GDW was (and remained until the 90's) primarily a wargame company, that happened to also have a major RPG.
I'm well aware of the predecessor games to Traveller AND the wargaming company itself, being the owner of several of it's products including the armor games, Imperium, Triplanetary, House Divided, etc. etc. along of course with things like Snapshot, I:E, Striker and AHL.
A lot of the movement abstraction and design decisions baked into High Guard is clearly a semi-tactical design/detail rendering of Imperium, for instance.
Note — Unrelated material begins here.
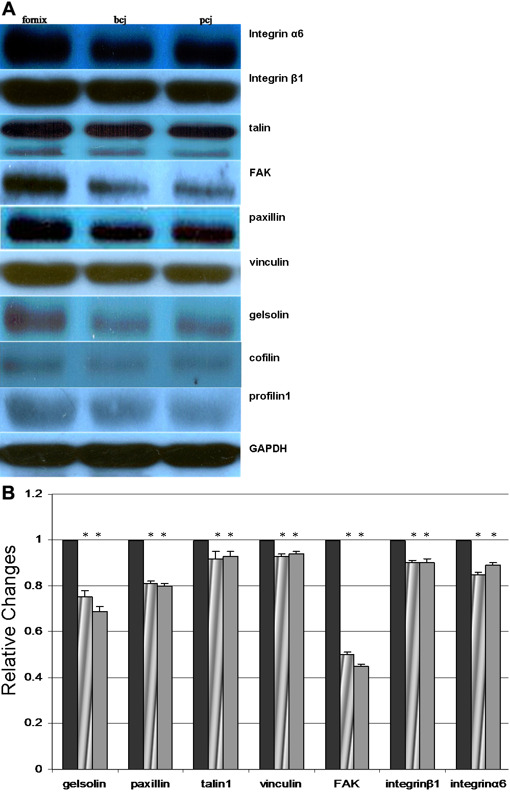 Figure 5. Western blot analysis. GAPDH was used as the loading control. A: The proteins identities are indicated on the right. B: Band intensity was quantified by densitometry and the fold difference of each microfilament regulator in the conjunctival

The original Traveller movement rules and the crunchier later fuel-based ship rules hearken back to Triplanetary.
This heritage and background does not change my point in the slightest.
The OP seems to be attempting to define the TU in the context of previous forms of warfare, and I am saying that the collection of materials never got to a definitive point where one could say 'it is like naval' or 'like aerial' warfare, beyond the value nodal points such as key production planets and refueling points already noted (which changes to an extent with increases in Jump tech).
Because, it is a GAME, with each version of the boardgames or RPG versions set to appeal to specific entertainments, not a rigid view of what future history/war will be.
Each version has 'an answer', or more accurately a POV, which is true of any wargame or RPG, you pare down a very complex topic and interactions to the ones that matter most (which is both art and opinion) in an entertaining format.
This is different from a professional milsim perspective, which I am gathering from the OP's resume and the nature of follow-on questions is where he is coming from, where crunchiness counts, including politics and logistics on a more detailed footing.
Not to mention economics, which is likely going to involve the same human animal doing what it does, but as radically different as 2015 Western life is to 1815 life.
Now if I were to boil it down to one thing, I would say it's like WWII Pacific theater fought in the pre-dreadnaught era, with basing/repair very key, bypassing possible, a significant raid component and strategic limits to army lift against large populations.
But that's a shot at it, not definitive, because IMTU can change things drastically, even a small OTU change alters strategic equations.
So settle on a version and tech/political/economic milieu, and then we can answer reasonably, keeping in mind always that version choices AND what has been done before is more an aesthetic then hardboiled reality.